Постоянной головной болью для Дроздовского на протяжении всего похода стала проблема взаимоотношений с австро-германскими оккупантами, в соответствии с условиями Брестского мира продвигавшимися почти одновременно с Отрядом по Новороссии на восток. Несмотря на заявления немцев о полном нейтралитете и даже неоднократно имевшие место выказывания воинского уважения (отдание чести Добровольцам и пресечение враждебных выходок украинцев-«самостийников»), осторожный Дроздовский старался как можно меньше соприкасаться с ними. Он отлично понимал, что такая позиция недавних противников проистекает только от их «полной уверенности, что мы не преследуем широких целей или что выполнение их невозможно». Основываясь на этом, Михаил Гордеевич несколько раз во время вынужденных встреч и переговоров, усыпляя бдительность германцев, упоминал о своем намерении идти в Великороссию и даже на Москву, а в приказах нередко указывались ложные маршруты движения и пункты назначения.
Дроздовскому нередко старались приписать германофильство, но это не соответствует действительности.
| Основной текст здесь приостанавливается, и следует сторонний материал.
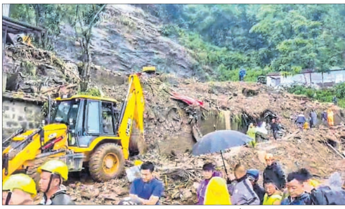
ଭୁଣ୍ଡୁଡ଼ି ପଡ଼ିଥିବା ପଥର କ୍ୱାରିରେ ଉଦ୍ଧାର କାର୍ଯ୍ୟ ଚାଲିଛି।

କେତେକ ଆହତରାଜ୍ୟ ରାଜ୍ୟ ସ୍ତରୀୟ କ୍ଷତିଗ୍ରସ୍ତ ହୋଇଛି। ପୁଖ୍ୟମନ୍ତ୍ରୀ ଲୋକେଶ୍ୱରୀ କେନ୍ଦ୍ରୀୟ ଟ୍ରେଡିଂ କମିଶନ ଦ୍ୱାରା ସହ ନୂତନମାନଙ୍କ ପରିବାର ପାଇଁ ୪ ଲକ୍ଷ ଟଙ୍କା ଲେଖାଏ ଅନୁକମ୍ପାମୂଳକ ସହାୟତା ଘୋଷଣା କରିଛନ୍ତି।

Центральные Державы оставались для него врагами наравне с большевиками и украинскими сепаратистами. На него, по собственному признанию, «подействовало ужасно» полученное сообщение о крупном успехе немцев на Западном фронте. Впрочем, и сторонником Антанты Дроздовский оставался лишь потому, что надеялся на ее поддержку как на средство достижения собственной цели. Офицеры Отряда полностью поддерживали своего командира и столь нервно и тяжело реагировали на вынужденный мир со вчерашним противником, что постоянно висела угроза спонтанных столкновений. Поэтому непосредственных контактов приходилось избегать.
«Германский фактор» заставлял еще строже бороться с остатками разнузданности внутри Отряда. Дроздовский не мог забыть позора, когда грабивших добровольцев приняли за большевиков, а население просило защиты у австрийцев. Избавителями от кошмара безвластия и произвола, считал он, могли и должны были стать только русские солдаты и офицеры, чтобы на их фоне приход иноземцев производил на местных жителей тягостное впечатление. Завоевания симпатий и поддержки народа Дроздовский искал не в отвлеченной агитации, а в конкретных действиях, бывших красноречивее лозунгов и призывов. Тем самым он проявил стремление и способность не отделять военные мероприятия от политических последствий, понимая их неразрывность. И все же командир Отряда оставался прежде всего офицером, а не политиком.
Удивительной спайки своих подчиненных, бывшей одним из главных залогов успеха, Дроздовский достигал двумя путями. Во-первых, беспощадно изгонялись те немногие, кто выказывал трусость, слабость или недовольство – вроде подпоручика Попова, покинувшего в опасности подпоручика князя Шаховского. Во-вторых, пресекались ссоры между товарищами, для решения же конфликтов, затрагивавших честь и достоинство, Дроздовский лично способствовал легализации дуэлей. И, конечно, он не терпел никаких претензий отдельных частей на особое положение в Отряде. Такая попытка была предпринята вначале полковником М. А. Жебраком-Русакевичем, командиром роты добровольцев, собранной им в Измаиле из чинов Балтийской дивизии и приведенной на соединение с Дроздовским. После неоднократных неудачных переговоров, в которых Жебрак старался добиться признания своей самостоятельности в командном отношении, под влиянием непреклонности командира Отряда и собственной малочисленности (71 штык), присоединение состоялось на условиях полного подчинения. Возможно, амбиции измаильцев основывались на том, что они имели знамя, какового у Отряда не было. Впоследствии все было забыто, а Жебрак принял 2-й Офицерский полк.